**Task directions:**
An exact, picture-free copy of the listing is required.

**Information supplied:**
◇ ◇ ◇ ◇ ◇
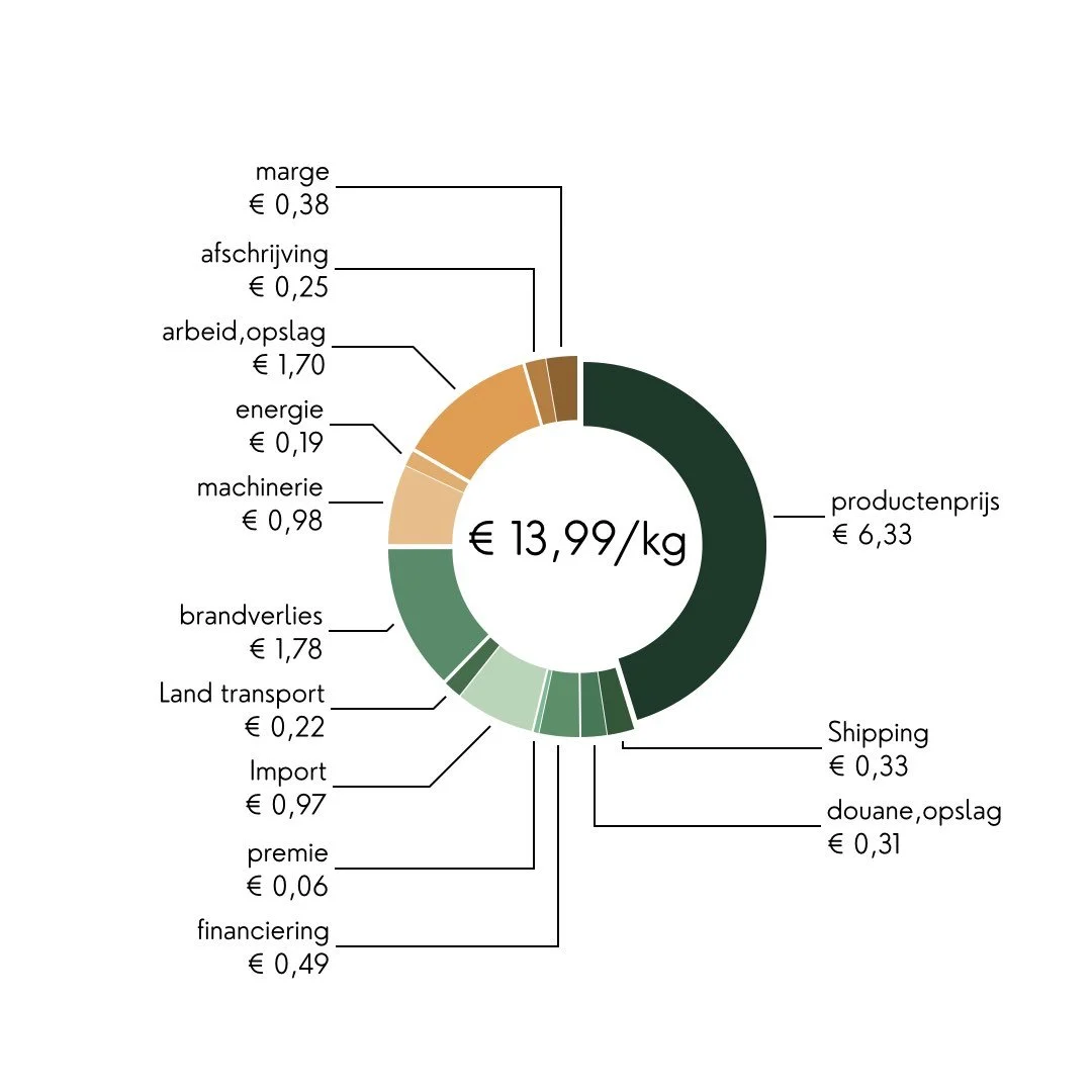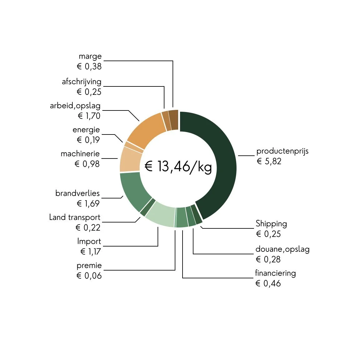 PRICE WHEELS offer a transparent breakdown of exactly who receives what for every kilogram of coffee. This data is built on real-time costs and is adjusted annually to reflect the evolving economic realities of our farmers, ensuring our pricing remains both accurate and equitable.
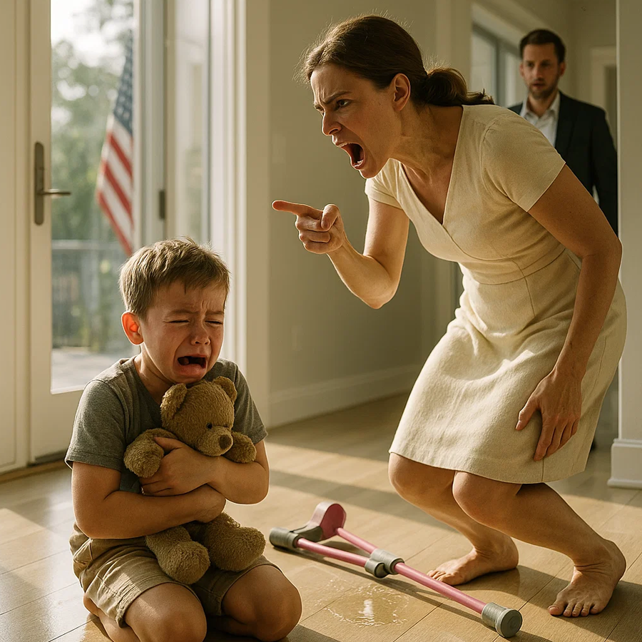 A child’s sob. Not the fragile waver of a dropped toy—the tight, frightened sound of someone trying not to cry. Then, cutting across it, a woman’s voice: measured, sharp, cold.
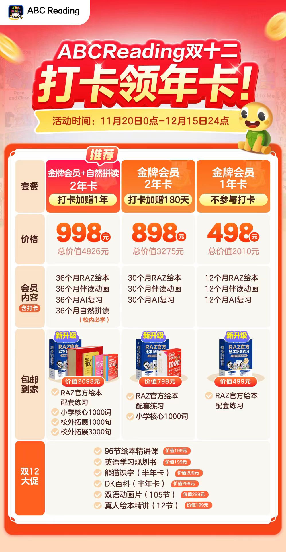双十二打卡领年卡【ABCReading】🏖️英语启蒙规划;用ABC Reading 刷RAZ分级阅读,国内唯一正版授权
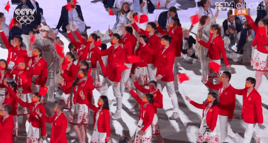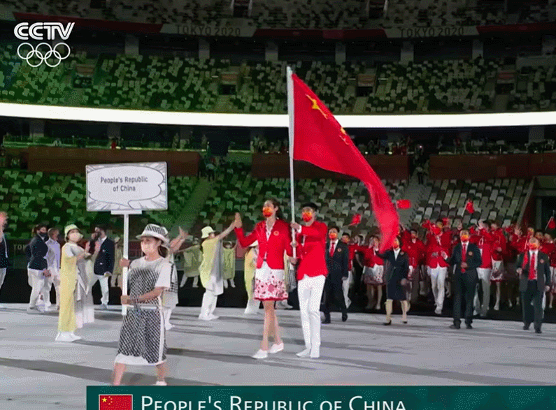 中國體育代表團的旗手由女排選手朱婷和跆拳道選手趙帥共同擔任,按照日本五十音排序,在第110位入場。真是千呼萬喚始出來呀!
◇ ◇ ◇ ◇ ◇
**Task response:**
 PRICE WHEELS offer a transparent breakdown of exactly who receives what for every kilogram of coffee. This data is built on real-time costs and is adjusted annually to reflect the evolving economic realities of our farmers, ensuring our pricing remains both accurate and equitable.
 A child’s sob. Not the fragile waver of a dropped toy—the tight, frightened sound of someone trying not to cry. Then, cutting across it, a woman’s voice: measured, sharp, cold.
双十二打卡领年卡【ABCReading】🏖️英语启蒙规划;用ABC Reading 刷RAZ分级阅读,国内唯一正版授权
 中國體育代表團的旗手由女排選手朱婷和跆拳道選手趙帥共同擔任,按照日本五十音排序,在第110位入場。真是千呼萬喚始出來呀!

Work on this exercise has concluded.